4.5. Minimal Detectable Change
The data set we acquired allowed us to calculate the minimal detectable change (MDC) in daily hand use intensity, i.e., how much would hand use intensity have to increase on a given day, relative to its distribution across days of data acquired in the study, in order to be statistically significant? To address this, we calculated the MDC using a one sample t-test with a significance level set to 0.05 for each participant, finding the change in magnitude that would be deemed statistically different from the daily hand use intensity values acquired for each participant across the three weeks (Figure 9). A strong, significant correlation (r = 0.73, p = 0.0015) was found between the MDC and the average of daily hand use intensity. The slope of this line indicates that a 31% change from the average daily hand use intensity is necessary to detect the change at the 0.05 significance level.
5. Discussion
The primary goal of this study was to quantify the effect of real-time wearable feedback of hand counts (accompanied by specification of an individualized daily goal and a conventional home exercise program) on increasing hand activity in chronic stroke. We found that feedback significantly increased hand use intensity over time while it was provided, but did not result in a significant increase in hand use intensity, relative to the control group, that persisted on the follow-up day when the feedback was removed. The participants receiving feedback also wore the Manumeter significantly longer, by about an hour, compared to the no-feedback group, suggesting they were interested in the feedback. There were no significant differences between groups for any clinical measures of hand movement ability that we measured before and after the feedback period, although several of these measures (FMUE, ARAT, and MAL-HW) improved modestly over time. Finally, we confirmed that the previously reported threshold relationship between hand functional capacity and daily use was stable over three weeks, even in the presence of feedback, and we established the MDC for hand count intensity. These results suggest that disuse of the hand after stroke is temporarily modifiable with wearable feedback, but do not support a therapeutic benefit of a brief period of wearable feedback. We first briefly discuss these results, and then limitations and directions for future research.
5.1. Resistance to Wearable Feedback after Stroke
We measured a modest increase in hand count intensity of about 20% over time in the feedback group, on average (based on the regression line in Figure 3); this increase occurred gradually over the three weeks in the study. We note that the control group also increased hand count intensity over time at a slower rate, and this change approached significance. Perhaps their increase was attributable to the home exercise program they received; if so, part of the increase in the feedback group may also have been due to engagement in the home exercise program rather than the wearable feedback. The fact that the feedback group wore the Manumeter significantly longer each day does, however, suggest an interest in, and awareness of, the wearable feedback. Regardless of its source, the observed increase in hand count intensity over the time interval examined was modest and did not result in a significant benefit in clinically measured hand functional ability.
It is instructive to compare our results with results from applying wearable feedback to walking activity after stroke. A 2018 Cochrane review examined the evidence regarding the effectiveness of wearable sensors (such as pedometers and smartphone activity monitors) for increasing physical activity levels for people with stroke, finding four studies that met its criteria [21]. These studies compared use of a wearable sensor plus another rehabilitative walking intervention versus the walking intervention alone. The review found no clear effect of the use of wearable sensors on daily step count.

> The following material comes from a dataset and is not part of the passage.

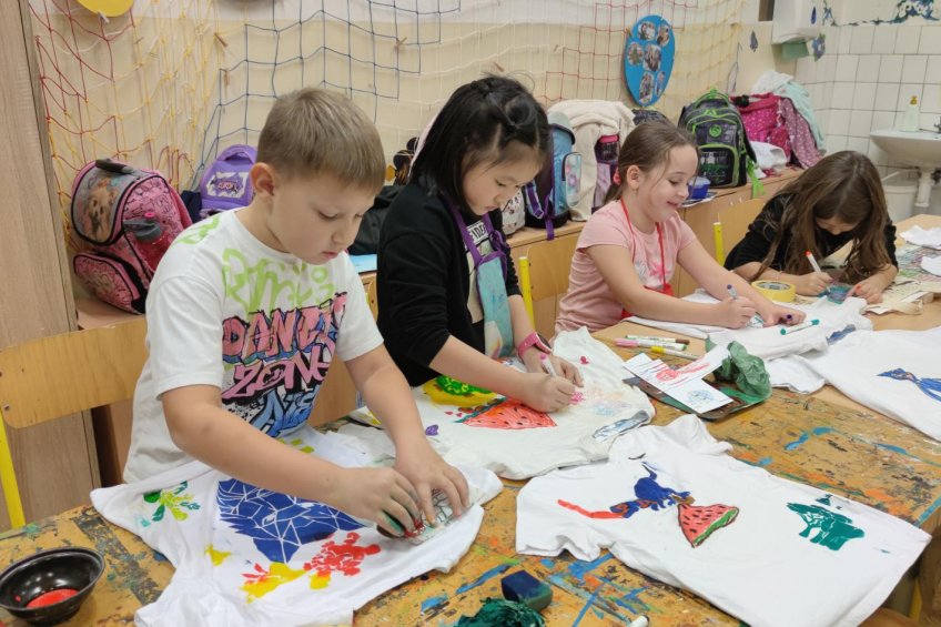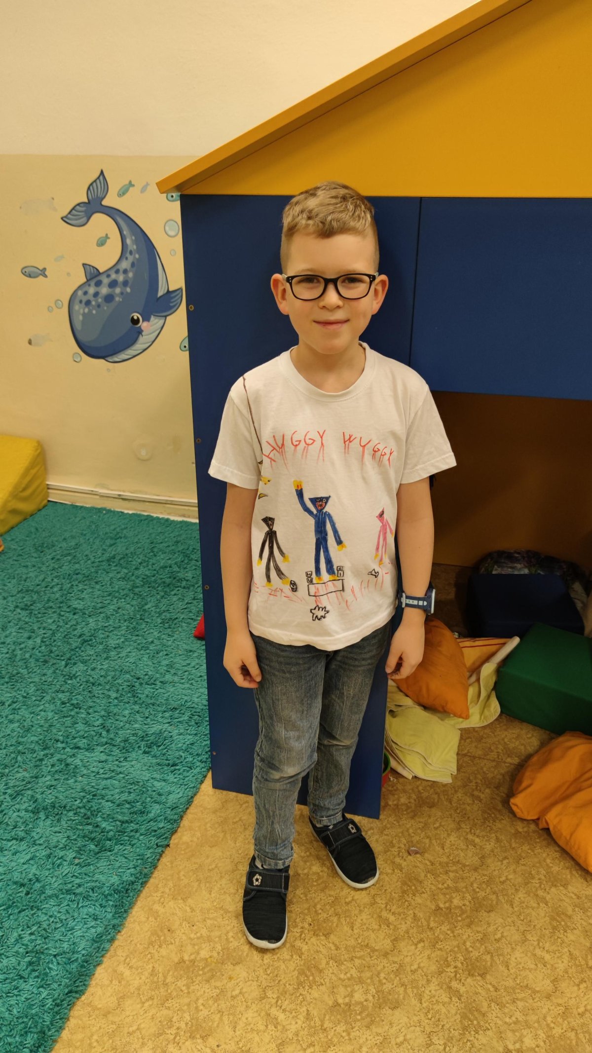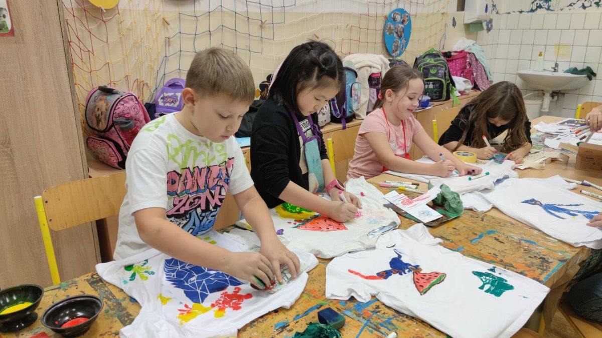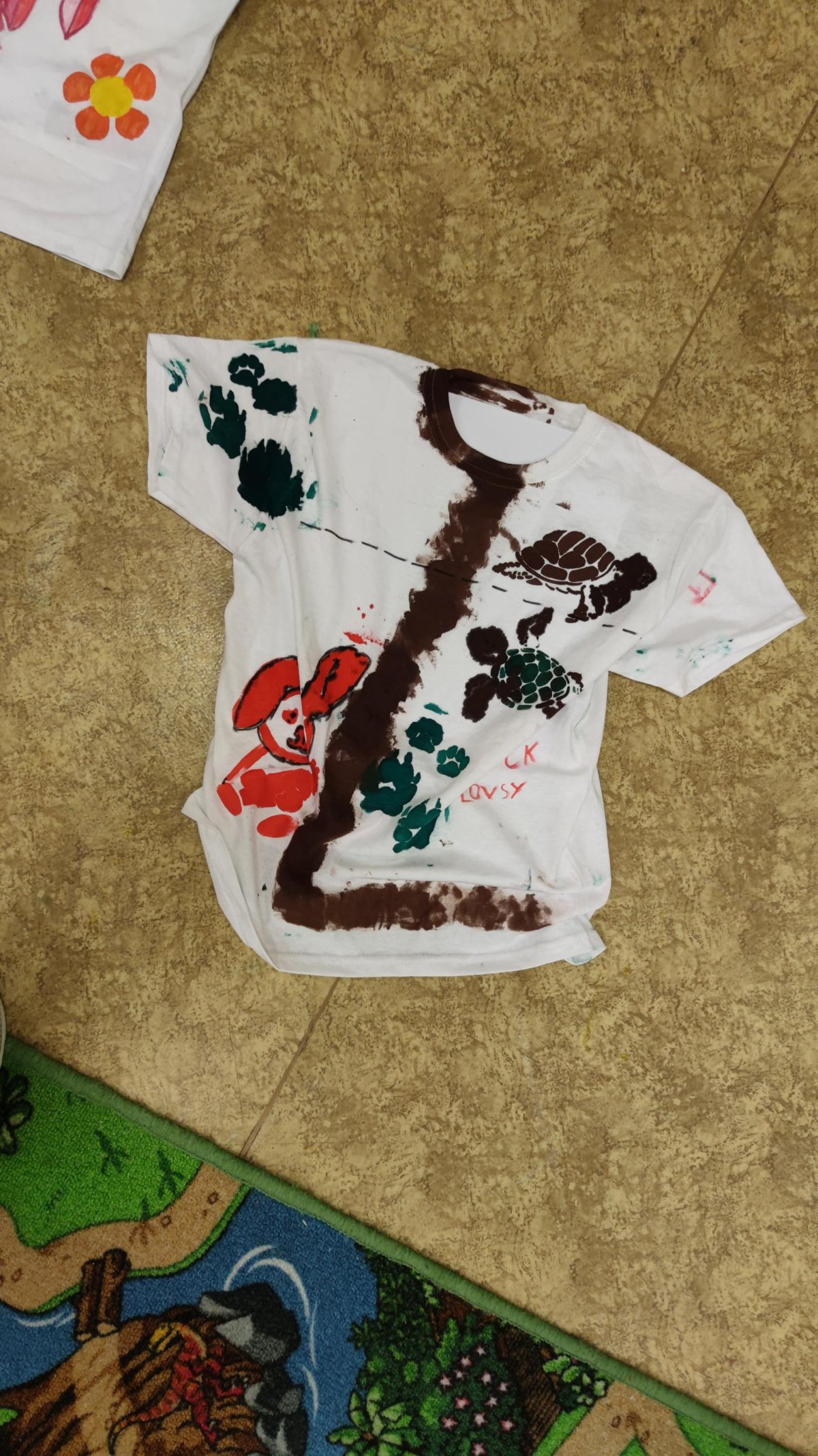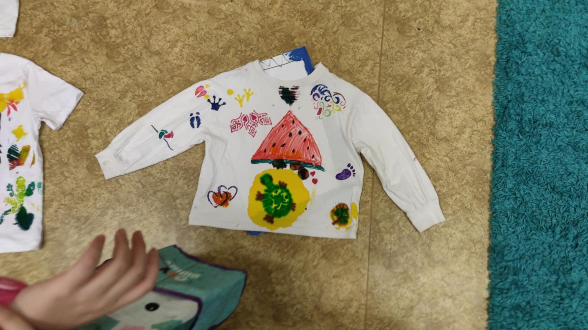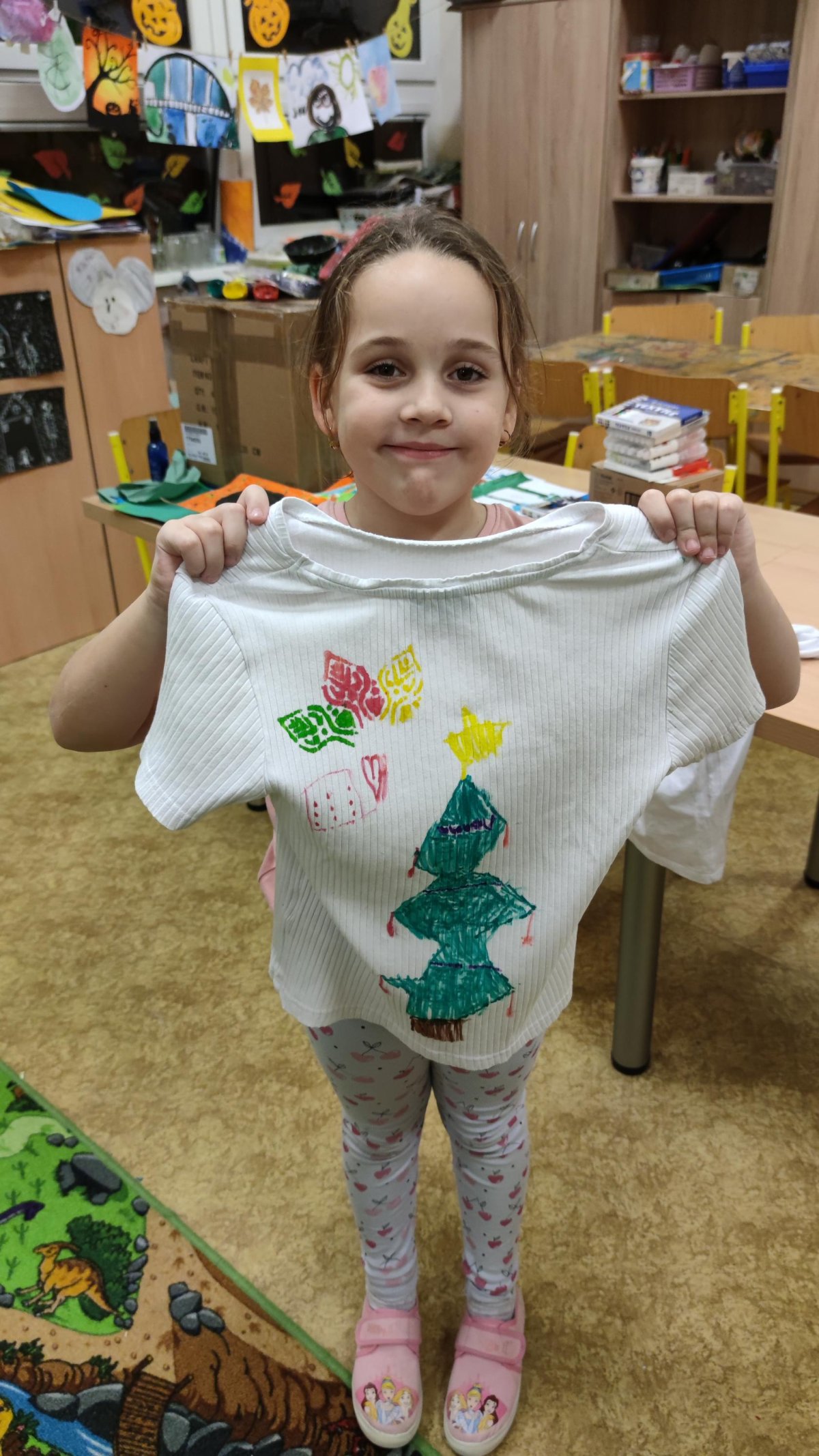 Seznámili jsme se s některými možnostmi, jak si nazdobit svá trička - využili jsme textilní fixy a spreje. Část trička jsme zdobili podle vlastní fantazie, část podle šablon.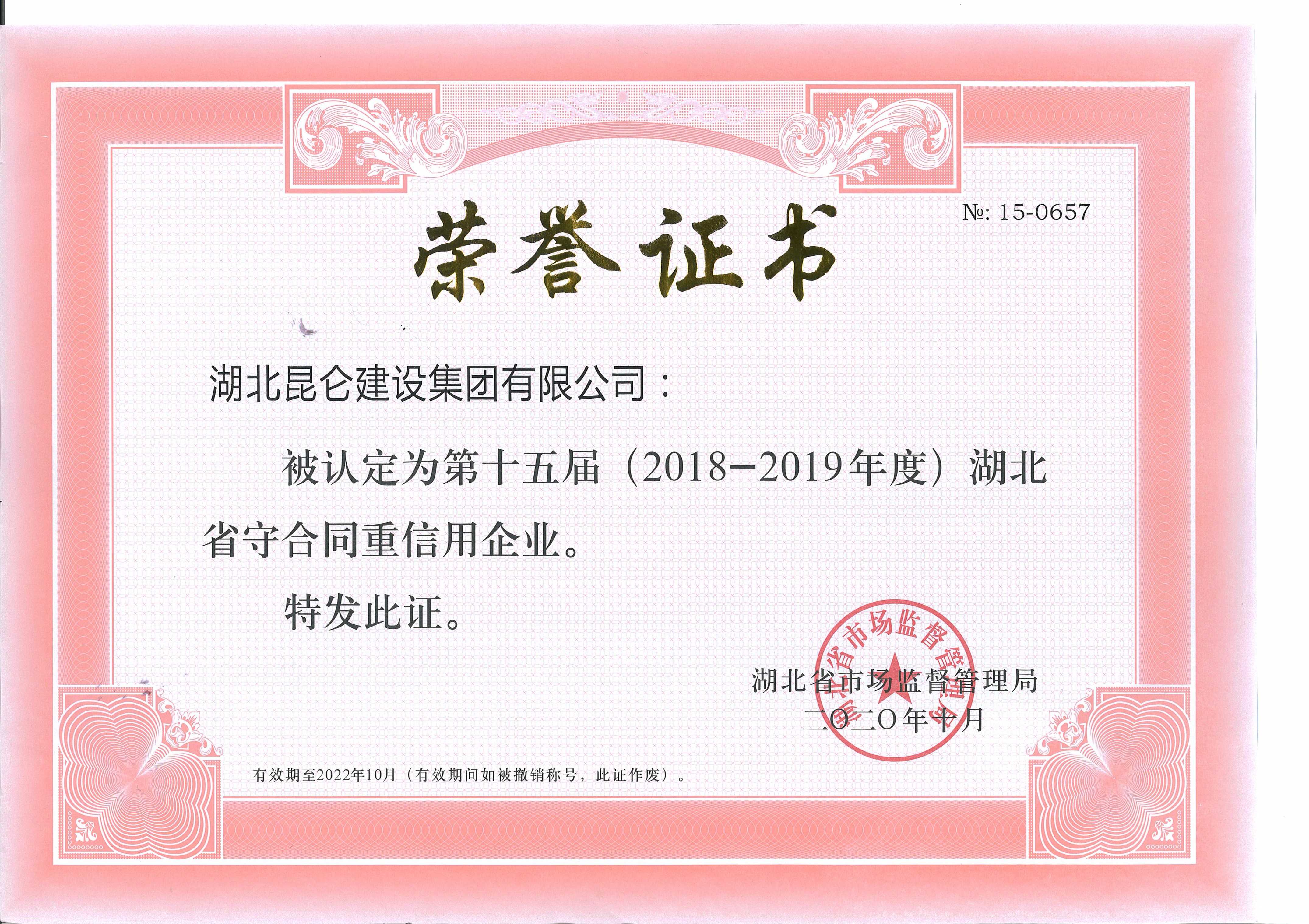 2018~2019年湖北省守合同重信用企業(yè)

Subsequent studies published since this review have also shown mixed results. For example, Mandigout et al. [22] randomly assigned 83 subacute stroke participants to receive individualized coaching or standard care for six months. The coaches monitored physical activity with an activity tracker, conducted home visits, and made a weekly phone call to review activity. The difference between the two groups was again not significant at any evaluation time point for the primary endpoint, the Six Minute Walk Test. On the other hand, Grau-Pellicer et al. [23] randomized 41 chronic stroke survivors to a conventional rehabilitation program or to a multimodal rehabilitation program that monitored adherence to physical activity. The multimodal program combined an app with GPS and accelerometer-based sensing to monitor walking distance and speed; a pedometer; a WhatsApp group; an exercise program with aerobic, task-oriented, balance, and stretching components; and a progressive daily ambulation program that was monitored by the app and pedometer. At the end of the intervention, community ambulation increased more in the intervention group (38.95 min vs. 9.47 min) and sitting time decreased more in the intervention group (by 3 h/day vs. 0.5 h per day). Thus, in terms of the effectiveness of wearable feedback for improving walking activity after stroke, the results continue to be mixed. However, the Grau-Pellicer et al. study suggests that programs that incorporate wearable sensors into multimodal therapy programs may be more effective than programs that focus solely on goal setting with wearable feedback alone after stroke.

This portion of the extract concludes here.